Python Least Squares for multiple variables

Question

I have a optimization problem that I need to solve in python. The general structure is

def foo(a, b, c, d, e):
    # do something and return one value


def bar(a, b, c, d, e, f, g, h, i, j):
    # do something and return one value


def func():
    return foo(a, b, c, d, e) - bar(a, b, c, d, e, f, g, h, i, j)

I would like to use least_squares minimization and return the values for f, g, h, i and j as a list where the square difference is the minimum between foo and bar. I'm not sure how to use least_squares for this.

I've tried this:

# Initial values f, g, h, i, j
x0 =[0.5,0.5,0.5,0.05,0.5]

# Constraints
lb = [0,0,0,0,-0.9]
ub = [1, 100, 1, 0.5, 0.9]

x = least_squares(func, x0, lb, ub)

How do I get x to be the returned value of the list of f, g, h, i and j minimum values?

Answer 1

The way you currently define your problem is equivalent to maximizing bar (assuming you pass func to a minimization function). As you don't vary the parameters a to e, func basically is the difference between a constant and the outcome of bar that can be tuned; due to the negative sign, it will be tried to be maximized as that would then minimize the entire function.

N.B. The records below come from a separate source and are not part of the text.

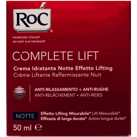 ROC ANTI ETA AA COMPLETE LIFT NOTTE Rughe KO! Crema ultra-idratante che riduce i segni dell'invecchiamento. Stimola la produzione di elestina e ristruttura la tua pelle, notte dopo notte. Al risveglio la pelle appare piu' giovane e levigata. Modalita' d'impiego: Applicare alla sera su viso e collo perfettamente detersi. Confezione: Vasetto da 50ml [EAN: 3574660475074]
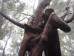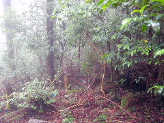 | 向瀬山頂に小さく黄色のテープがあった この方は湯ノ又の林道から年中岳を目指したようだ。登ろうと思った尾根先に一巻き同じ黄色のテープが巻かれていた コノ尾根の130mばかしの登りが急登で、フウフウ、霧雨が馬酔木を濡らしそれが私を濡らす 風が吹けば少し寒いが、汗は出る 年中岳は見晴しもなく、植林の片隅のピーク、好き者達が山名版を揚げている。 よく見かける好き者達だ ![]() |
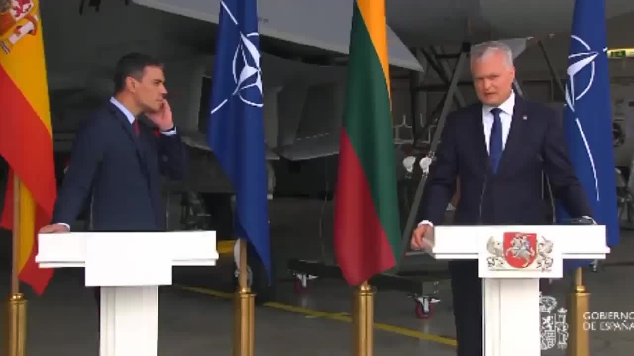 Las tropas españolas destacadas en misión de la OTAN en la base militar lituana de Siauliai han detectado en torno a las 11.40 horas de este jueves al menos un avión no identificado que sobrevolaba el mar Báltico, previsiblemente procedente de Rusia, lo que ha obligado a interrumpir la comparecencia conjunta del presidente del Gobierno, Pedro Sánchez, y el presidente lituano, Gitanas Nauseda, que se estaba celebrando en la base.
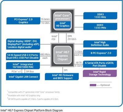 Процессоры Intel Core второго поколения несовместимы с наборами микросхем предыдущей серии. Новая платформа включает в себя два чипсета для настольных ПК: P67 Express и H67 Express. Обе микросхемы РСН (Platform Controller Hub) способны обеспечить до восьми линий PCI Express через порты х1, х2 или х4, до 14 портов USB 2.0, четыре порта SATA 2 и два — SATA 3. Обе они поддерживают режимы RAID 0, 1, 5, 10.
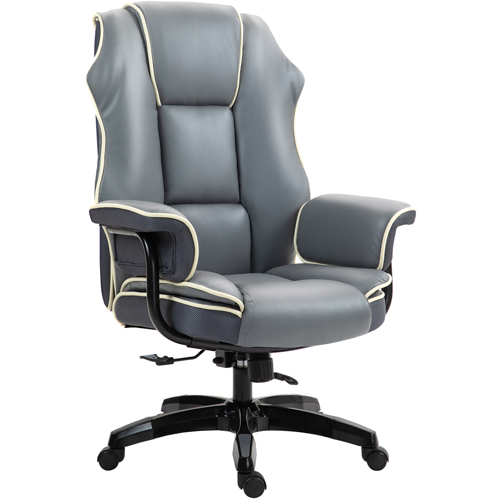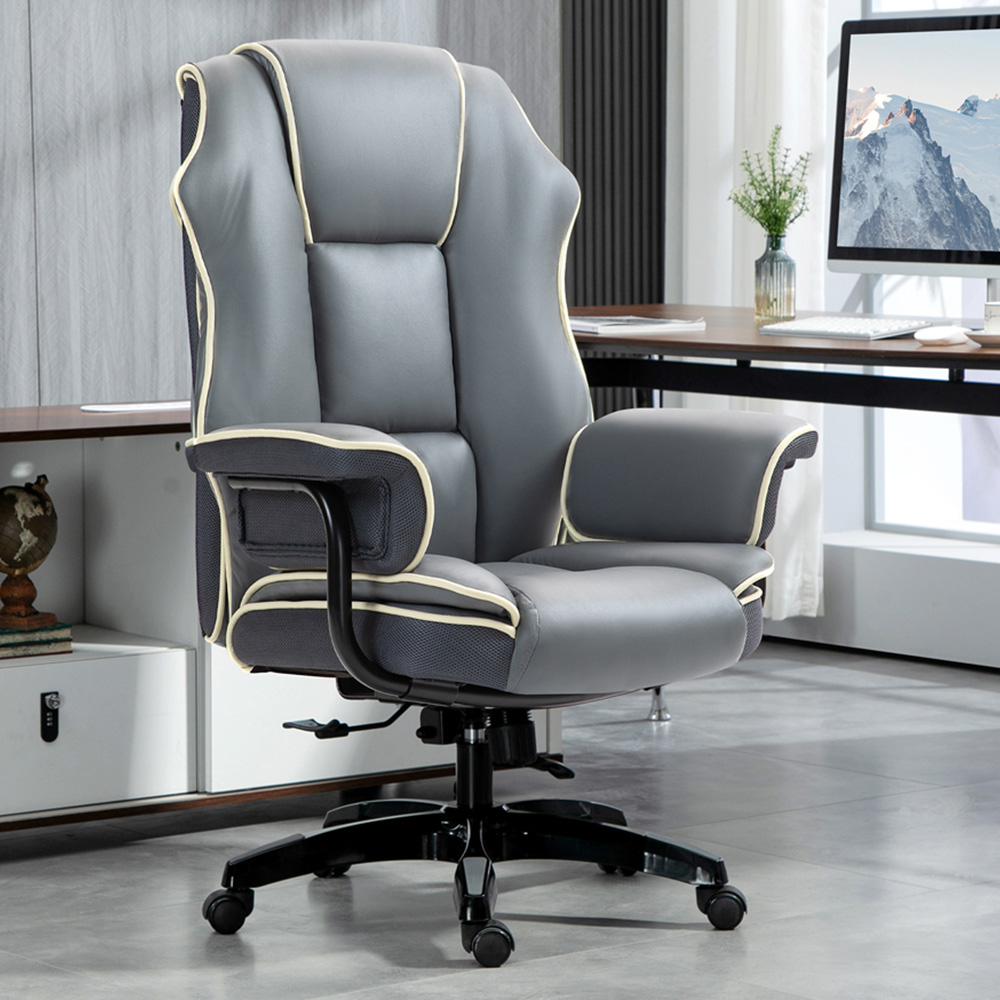 Experience comfort in style with Portland Grey Height Adjustable and Reclining High Back Office Chair. This chair is wrapped in smooth faux leather upholstery and is thickly padded to ensure your utmost comfort. The white piping on the edges offers a striking contrast and it comes with a 150° reclining back so you can relax back whenever you need. It includes five wheels for you to move around easily and comes with the height is adjustable between 50-56cm.
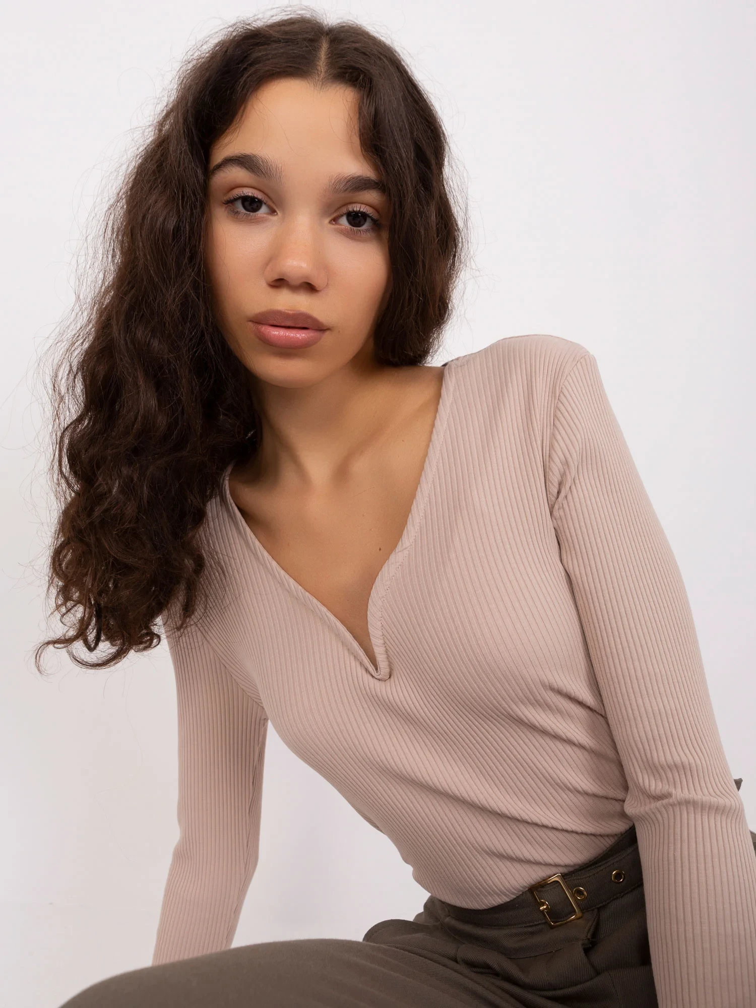 Béžová halenka s vycpaným výstřihem BASIC FEEL GOOD .

I think what you actually want to minimize is the absolute value or squared difference between the two functions. I illustrate that using a simple example where I assume that the functions just return the sum of the parameters:

from scipy.optimize import minimize

def foo(a, b, c, d, e):
    # do something and return one value

    return a + b + c + d + e

def bar(a, b, c, d, e, f, g, h, i, j):
    # do something and return one value
    return a + b + c + d + e + f + g + h + i + j

def func1(x):
    # your definition, the total difference
    return foo(x[0], x[1], x[2], x[3], x[4]) - bar(x[0], x[1], x[2], x[3], x[4], x[5], x[6], x[7], x[8], x[9])

def func2(x):
    # quadratic difference
    return (foo(x[0], x[1], x[2], x[3], x[4]) - bar(x[0], x[1], x[2], x[3], x[4], x[5], x[6], x[7], x[8], x[9]))**2

# Initial values for all variables
x0 = (0, 0, 0, 0, 0, 0.5, 0.5, 0.5, 0.05, 0.5)

# Constraints
# lb = [0,0,0,0,-0.9]
# ub = [1, 100, 1, 0.5, 0.9]
# for illustration, a, b, c, d, e are fixed to 0; that should of course be changed
bnds = ((0, 0), (0, 0), (0, 0), (0, 0), (0, 0), (0., 1), (0., 100.), (0, 1), (0, 0.5), (-0.9, 0.9))

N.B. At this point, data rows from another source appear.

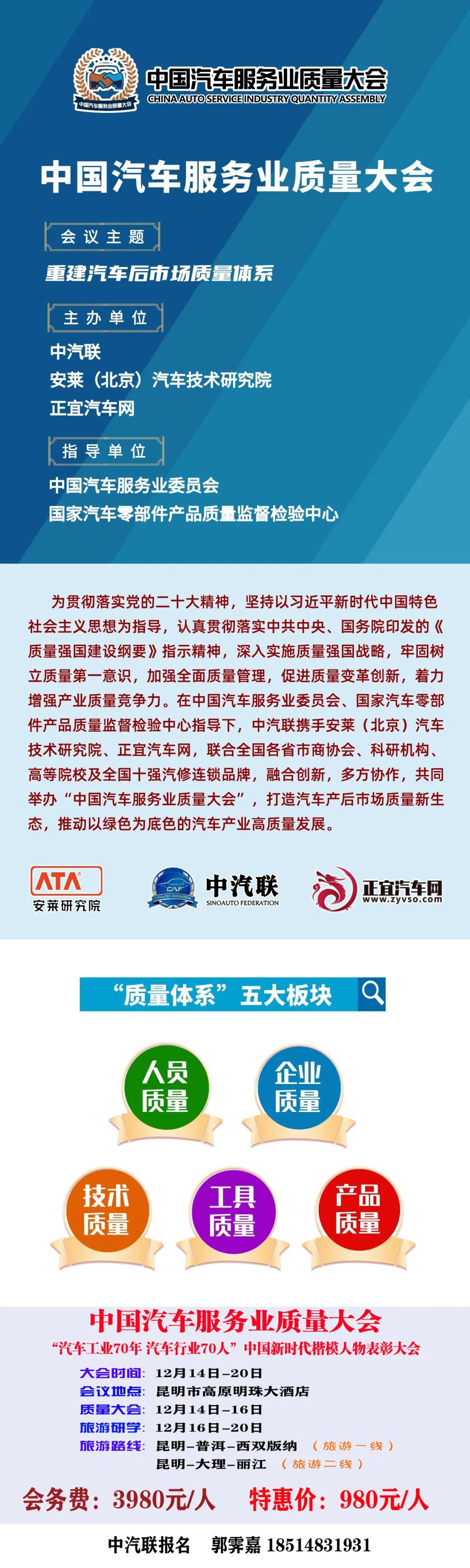 質量大會會務費:3980元/人 ,中汽聯對會員參會進行大額補貼,
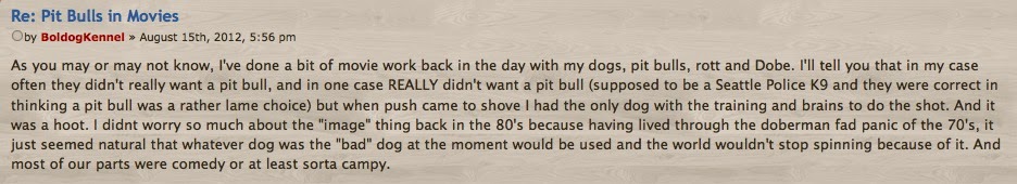 BORCHELT provided the above "expert" opinion about the safety of pit bulls AFTER he was sued for a million dollars for providing his "expert" opinion to a retired fire fighter about the safety of a pit bull that he was in possession of. The pit bull attacked the retired fire fighter. Despite the fact that the pit bull had a known documented history of previous aggression, BORCHELT assured the retired fire fighter the pit bull was safe. During the civil trial, BORCHELT testified under oath that the pit bull was not vicious. Yeah. Just in case you missed the colored text above indicating an external link, click here.
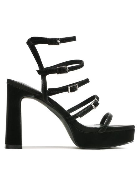 Czarne Sandały z Ekozamszu na Niskim Słupku o Ażurowym Wykończeniu z Ozdobnymi Nitami Panessi
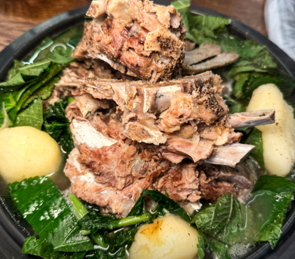 진하게 우려낸 국물에 푸짐한 고기와 수제비가 포함된 감자탕. 깔끔하면서도 담백한 맛으로 해장 메뉴로도 추천돼요.
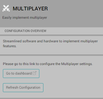 按 Go To Dashboard 按钮将显示基于 Web 的 Services Dashboard,可在其中设置项目的 Multiplayer 配置。

res1 = minimize(func1, x0, method='SLSQP', bounds=bnds)
res2 = minimize(func2, x0, method='SLSQP', bounds=bnds)

Then you get:

print res1.x
array([   0. ,    0. ,    0. ,    0. ,    0. ,    1. ,  100. ,    1. ,
          0.5,    0.9])

and

print res1.fun
-103.4

As explained above, all the parameters will go to the upper bound to maximize bar which minimizes func.

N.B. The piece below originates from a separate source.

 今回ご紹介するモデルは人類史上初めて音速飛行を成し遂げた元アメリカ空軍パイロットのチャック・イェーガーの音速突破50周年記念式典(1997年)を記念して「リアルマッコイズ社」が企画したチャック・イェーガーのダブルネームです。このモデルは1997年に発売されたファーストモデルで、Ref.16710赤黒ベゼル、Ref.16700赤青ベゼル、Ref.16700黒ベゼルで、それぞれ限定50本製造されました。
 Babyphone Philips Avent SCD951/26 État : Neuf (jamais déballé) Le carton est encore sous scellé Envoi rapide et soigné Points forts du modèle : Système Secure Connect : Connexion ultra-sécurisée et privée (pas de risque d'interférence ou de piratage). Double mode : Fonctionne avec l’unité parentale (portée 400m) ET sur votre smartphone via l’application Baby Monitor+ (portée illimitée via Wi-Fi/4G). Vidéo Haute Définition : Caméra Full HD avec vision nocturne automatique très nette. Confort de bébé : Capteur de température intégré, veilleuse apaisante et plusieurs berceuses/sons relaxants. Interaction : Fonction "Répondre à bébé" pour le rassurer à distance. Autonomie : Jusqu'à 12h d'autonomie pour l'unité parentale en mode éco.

For the adapted function func2, you receive:

res2.fun
5.7408853312979541e-19  # which is basically 0

res2.x
array([ 0.        ,  0.        ,  0.        ,  0.        ,  0.        ,
    0.15254237,  0.15254237,  0.15254237,  0.01525424, -0.47288136])

So, as expected, for this simple case one can choose the parameters in a way that the difference between these two functions becomes 0. Clearly, the result for your parameters is not unique, they could also be all 0.

I hope that helps to make your actual functions work.

EDIT:

As you asked for least_square, that also works fine (use function definition from above); then the total difference is ok:

from scipy.optimize import least_squares

lb = [0,0,0,0,0,0,0,0,0,-0.9]
ub = [0.1,0.1,0.1,0.1,0.1,1, 100, 1, 0.5, 0.9]
res_lsq = least_squares(func1, x0, bounds=(lb, ub))

Then you receive the same result as above:

res_lsq.x
array([  1.00000000e-10,   1.00000000e-10,   1.00000000e-10,
         1.00000000e-10,   1.00000000e-10,   1.52542373e-01,
         1.52542373e-01,   1.52542373e-01,   1.52542373e-02,
        -4.72881356e-01])

res_lsq.fun
array([ -6.88463034e-11])  # basically 0

As 5 parameters won't be varied in this problem, I would fix them to a certain value and would not pass them to the optimization call.